I've decided
Sunday, December 17, 2006
Project C at
RP yesterday. Learn about html for blogging, photo editting and flash. I know how to do flash already ok. Ok la. Only the basics but that's a stepping stone ok.
Spent post-Project C at
Natra's place.
Kak Mariah dropped us off. She drove her bro's
BMW. And
Kak Mariah, you look good driving a
BMW. Maybe can ask
Abg Fad to give that as one of your
hantaran-s.
Heh.
Managed to pass
Fadzli his dinner because he was at the petrol station near
Natra's place. But only met him for a few minutes
aje because he's working. =(
Sat by the pool side with
Natra and eating pizza. We talked bout stuff. Some things which I don't think should be just shared with just anybody. We talked about our friends, or so we thought. About how some people can be all nice and friendly with us but once our backs are turned, there she'll go bitching about us to other people, in particular to people whom we thought should know better than to listen to those things.
I told
Natra about the email I received the morning before I went off for camp. It was from somebody and it was sent to just 2 people, myself and another friend. Clearly the email was about the both of us, of course. And what was written in the email, well, both of us were quite hurt. It was written in the email that the sender hopes that we accept whatever was said with an open mind. Maybe we didn't.
We did an exchanging of views with each other about each other. And we came to a conclusion that, well, it's pretty obvious that someone "complained" about us to the sender of the email. And we assumed someone, but we chose not to make it obvious that we assumed this someone to "complain" to the sender of the email.
What I told this friend of mine is that, as long as both of us knows that we are doing work and as long as our conscience is clear, then we shouldn't be bothered about it.

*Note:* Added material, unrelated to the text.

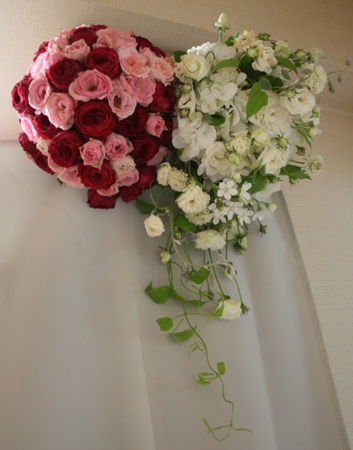 これは日曜日のウエディングで使用した白ブーケと色ブーケ

Maybe in the eyes of the people we worked with, we are not doing work. But what they fail to notice is that both of us are doing work without making a big hoo-haa out of it. I personally don't see the reason to why must I tell everybody that I am doing this or doing that. I personally don't see the reason why to why I have to do work only when a certain somebody is around and once that certain someone is not around, I will do nothing. Seriously, I don't.
I had a major argument with
Fadzli after camp. He was already dear enough to help out on the last day of the camp. He was already nice enough to understand the fact that I have to go back to the office. He was understanding enough during pre-camp, the only time I spent with him was when he came to the office. We don't even have personal time for ourselves. The only time when we are alone is when he send me back home after work. But does that count?
I am not saying these just because
Fadzli's my boyfriend and because I love him. Even
Mac, of all people, told me off, saying, "
kau asyik keje je, takde personal time dgn Fadzli". I'd have to admit that I am not really close to
Mac, that's pretty obvious but what he said actually made sense.
We were basically shouting, well, he was basically shouting, not at me but at the situation. I tried my hardest to try and cool him down. He even told me to choose which is of more importance, him or them.
I guess my choice is pretty clear. I don't have to state it here. The email helped out in a way or another in my decision making.
And when I told someone this, she said, "
You've been saying this dah lama but you stil belum leave". Yeah, maybe all of them wanted me to leave. The thing is, I hold
P2R & YIA+ close to my heart. I even get pissed when
P2R & YIA+ is seen as something that is insignificant and I remember saying that we will have to work harder to prove them wrong, that
P2R & YIA+ is of the same importance.
I guess its just no use now, is it?
*Nothing is ever enough, isn't it?*
On a different note altogether...
I am sick today. Woke up this morning with runny nose, cough and a sore throat. Bummer. I hate it when I am sick. Really. =(
Meeting
Belinda today. 3 more hours and I am supposed to meet her at
Harbour Front MRT. 3 more hours and I am still on my bed, in front of
Mr. Lappie. 3 more hours and I've yet to decide what to wear. 3 more hours and I am still not ready.